Contracts are legally binding agreements. Attorneys often use the terms "contract" and "agreement" interchangeably, but not just any agreement is a legally binding contract.

A contract is formed by a meeting of the minds of at least two parties, a mutual assent resulting from the expression of an offer by one and an acceptance of precisely that offer by the other.

The offer has no effect if the other person does not accept it. A mere discussion of the offer does not constitute acceptance. Negotiation often leads people to believe that they can expect other people to commit themselves to certain things, but until there has been an actual offer and a clear acceptance, there has not been the necessary "meeting of minds" to form a contract.

A person making an offer may revoke it (cancel it completely) at any time before it is accepted. If you wish to revoke your offer, however, you must communicate that fact to the person(s) who might accept your offer. The revocation becomes effective upon delivery to the other person...for example when the letter revoking the offer arrives at his residence or place of business.

If a person or thing essential to the performance of a contract dies or is destroyed before the offer is accepted, the offer is ended automatically. To avoid possible problems, the fact that the offer has terminated should be communicated to those who are considering accepting it.

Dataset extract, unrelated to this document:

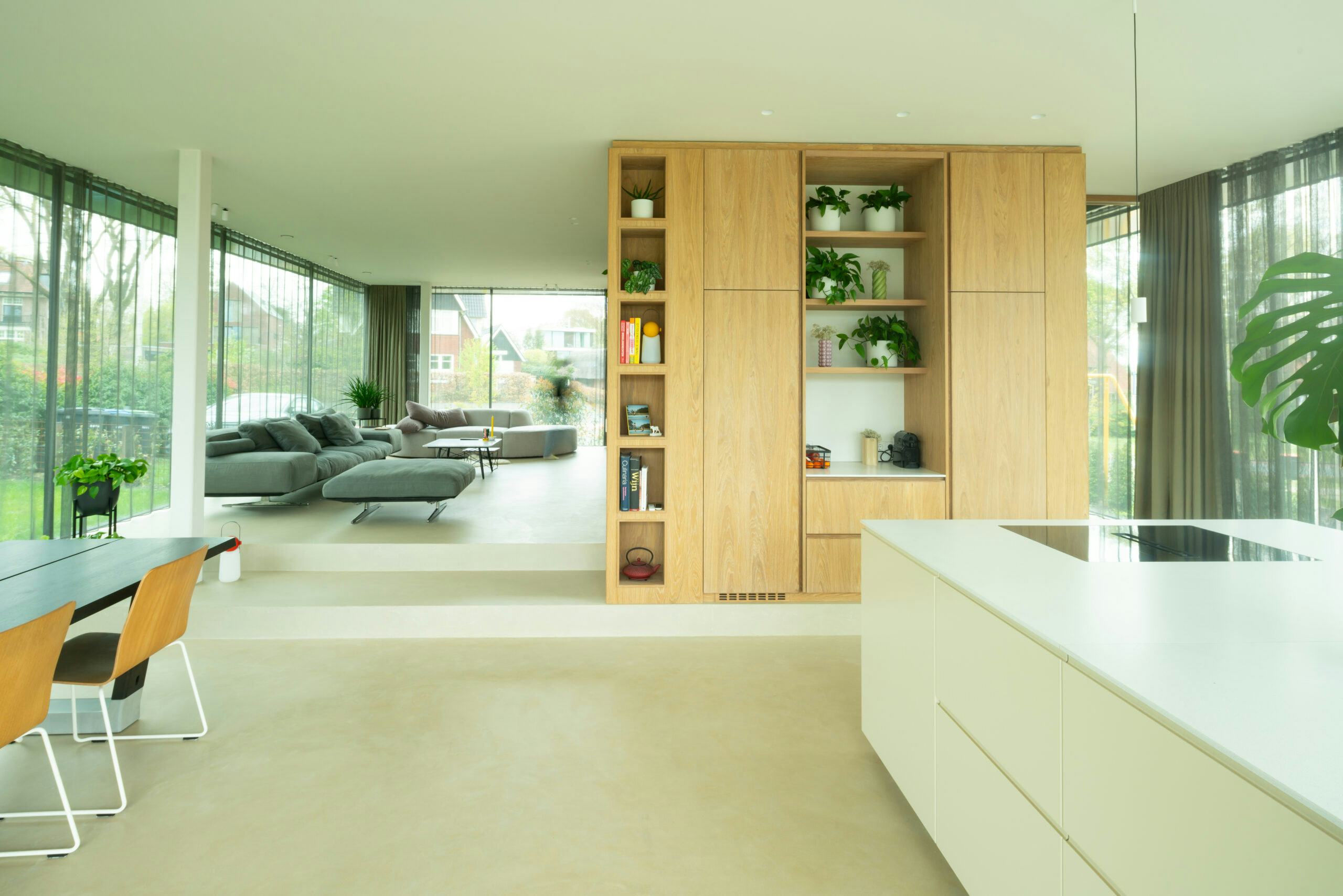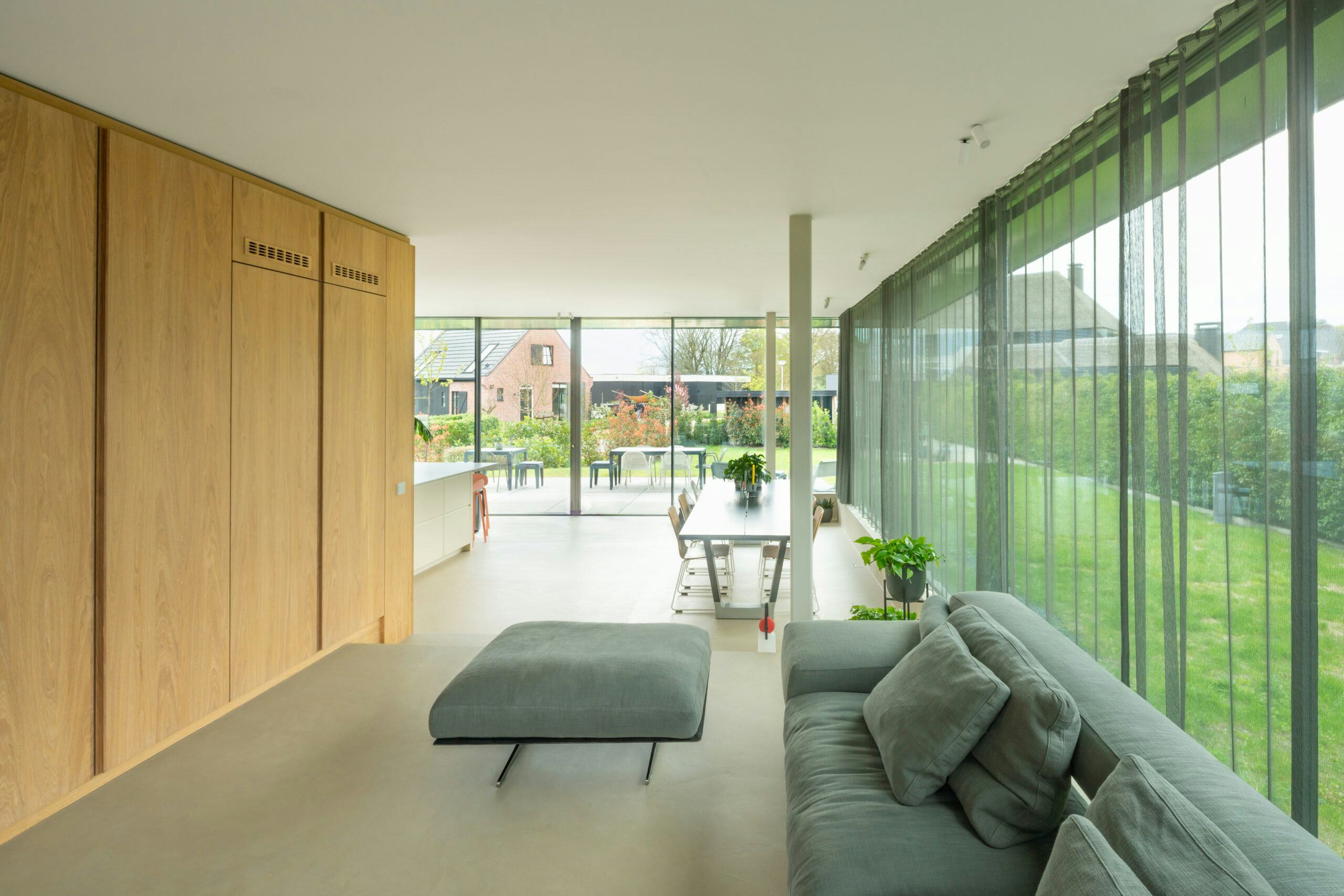 Dit project maximaliseert de beschikbare ruimte door slim gebruik van het perceel. Door een kelder en meerdere verdiepingen te integreren, wordt de hoogte optimaal benut terwijl de grondoppervlakte minimaal blijft, met bewust veel ruimte voor natuurlijke biodiversiteit. De glazen plint dient meer dan een esthetisch doel: het creëert een naadloze overgang tussen interieur en exterieur. Deze transparante grens zorgt voor een vloeiende verbinding, waardoor binnen- en buitenruimte in elkaar overlopen

An offer by mail or telegram may be accepted by mail or 4 telegram unless the person making the offer specifies otherwise, and the acceptance is effective (the contract comes into existence) at the moment the acceptance is put into the mail box or given to the telegraph office. Unlike the revocation of an offer, an acceptance does not wait for delivery.

Many business communications such as advertisements and catalogues are construed not as offers, but as invitations to others to make offers. Generally, invitations to make bids (as for construction contracts) are not considered offers. That is why at an auction sale the bidder, not the seller of the property who is standing in the background watching the auctioneer, is generally considered the person making the offer, so that the seller is not bound by bids and may withdraw his property from sale without accepting an offer if the bidding is too low.

An apparent acceptance of an offer which suggests a change in the original offer is not an acceptance and does not create a contract. It is a counter offer.

A counteroffer is a rejection of an offer. It has no effect except to propose a new and different contract. You should assume that a supposed acceptance which suggests any change at all in an offer or counteroffer is not an acceptance.

For example, if party A offers a written printing contract to party B, and B signs it but crosses out a sentence, it is not yet a contract; it will not become a contract until A accepts the changed agreement (in this case probably by saying so and writing his initials by the deleted portion).

Many disputes arise because one party claims that a contract was made, while the other party says that the process was still in the offer and counteroffer stage. This is a particular danger when a contract is oral (spoken) rather than written...a good argument for putting agreements in writing even if it is not legally necessary.Conversations full of words and phrases like "if" and "would you be willing?" and "I would consider" are almost certainly negotiation. To avoid problems: (1) Be sure that both parties fully understand the content of the agreement (there is a meeting of minds), and (2) Be sure that the acceptance makes no change in the offer.

If there are any conditions, make them a part of the contract. For example, you say "I'll pay you $200 to paint my house by Wednesday." Painter: "Okay, as long as it doesn't rain." The painter has made a counteroffer, not completed a contract.

You say, "All right, I'll pay you $200 to paint my house 6 by Wednesday unless it rains before then; if rain keeps you from finishing it by Wednesday, you have to finish it as soon as the rain stops." You have accepted the painter's terms, but you have also added a kind of deadline, so you are now making a counteroffer. If the painter says, "Okay," you have a contract -- a rather loose one, in which there might, for example, be an argument over the nature and quality of the painting, or over how soon "as soon as" is, but a contract nevertheless.